A real-time, multilingual voice assistant prototype that enables natural spoken conversations in multiple Indic languages — including Hindi, Bengali, Tamil, Telugu, Kannada, Malayalam, Marathi, Gujarati, Odia, Punjabi, and Assamese — as well as English.
The application is built on the Pipecat open-source framework and leverages AWS services (Amazon Bedrock for LLM, Amazon Transcribe for STT, Amazon Polly for TTS, and Amazon Nova Sonic for speech-to-speech) alongside third-party providers like Smallest AI for broader Indic language STT/TTS coverage. A React frontend connects to a FastAPI backend over WebSocket, streaming audio in real time for low-latency, interactive voice conversations. The infrastructure is defined as code using AWS CDK for easy deployment.
Key Features:
- Real-time bidirectional audio streaming via WebSocket
- Support for multiple Indic languages
- Pluggable STT/TTS pipeline — switch between AWS-native services, Smallest AI, or Amazon Nova Sonic
- Tool-calling support (e.g., weather lookup) powered by Strands Agents and Pipecat function calling
- Voice Activity Detection (VAD) using Silero for natural turn-taking
- Capability to handle interruptions
- 3D animated avatar or spectogram on the frontend
- Dynamic, contextual waiting message for tools that take longer time to process
- AWS CDK infrastructure for VPC, ECS, and Cognito-based authentication
- Connect — The React frontend authenticates via Cognito and opens a WebSocket to the FastAPI backend, passing the selected pipeline and language.

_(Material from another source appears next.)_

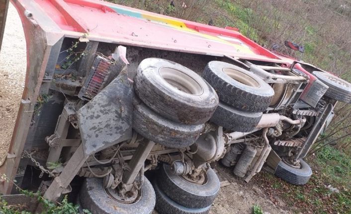 Ordu’nun Kumru ilçesinde çakıl yüklü kamyon kontrolden çıkarak yan yattı.
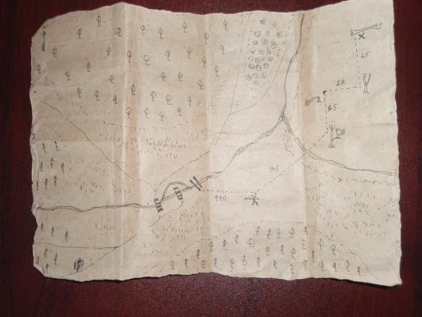 В начале января 2013 года Серёжа предложил мне съездить в Ясную Поляну. С самого утра и до вечера мы провели этот день вместе. Во время прогулки пришли к одной старой лавочке. Серёжа её застелил, достал термос с горячим чаем и конфеты. Я не подозревала, что это сюрприз. Возле лавки в снегу лежала бутылка из-под вина, немного усыпанная снегом, а в ней ещё что-то... Серёжа поднял и достал из неё кусок старой бумаги... Это была карта!

- Capture — The browser captures microphone audio at 16 kHz, encodes it as base64 PCM16, and streams it to the backend over WebSocket.
- Process — The backend runs a Pipecat pipeline: STT → LLM (Bedrock) → TTS (or Nova Sonic for end-to-end speech-to-speech). Silero VAD handles turn-taking, and Strands Agents enable tool use.
- Respond — Generated audio is streamed back to the frontend, played via an AudioWorklet, and used to drive the visualizations.
- Interrupt — If the user speaks mid-response, VAD triggers an interruption that stops playback immediately.
- Python 3.12+ with pip
- Node.js 22+ with npm
- AWS CLI configured with appropriate credentials
- AWS CDK (
npm install -g aws-cdk) - Docker (for local testing and CDK deployments)
- Git
- Active AWS account with admin permissions
- Development machine with above tools installed or optionally create a new Ubuntu EC2 machine and install above tools
- Smallest.ai API Key (alternative to AWS STT/TTS)
- In your AWS account, create a Bedrock knowledgebase and a secret in the Secret manager. AWS CLI command to create secret for Smallest.ai
aws secretsmanager create-secret \
--name "smallest_key" \
--description "Smallest.ai API key for TTS/STT" \
--secret-string "sk_your_actual_api_key_here" \
--region ap-south-1
- Clone this repo to an Ubuntu machine.
- Update the infra/cdk.json with the knowledgebase ID and secret name.
- Install frontend dependencies and deploy the infrastructure.
# Install frontend dependencies cd frontend npm install # Deploy the infrastructure (automatically builds frontend) cd ../infra pip install -r requirements.txt cdk deploy - In your AWS account, find the Cognito Userpool created by the above deployment and add a user.
- In your browser, access the endpoint given by the deployment command above and login with the user you just created.
To change the behaviour of the bot, you can edit the prompt and the set of tools in the backend/usecase.py file. You may also want to load the rigth set of files into the Bedrock knowledgebase for the bot to answer correctly based on facts. Remember to re-deploy after your changes.
- In your AWS account, delete the Bedrock knowledgebase and the secret in the Secret manager.
- Run the following commands to remove the backend.
cd infra cdk destroy
You should consider doing your own independent assessment before using the content in this sample for production purposes. This may include (amongst other things) testing, securing, and optimizing the content provided in this sample, based on your specific quality control practices and standards.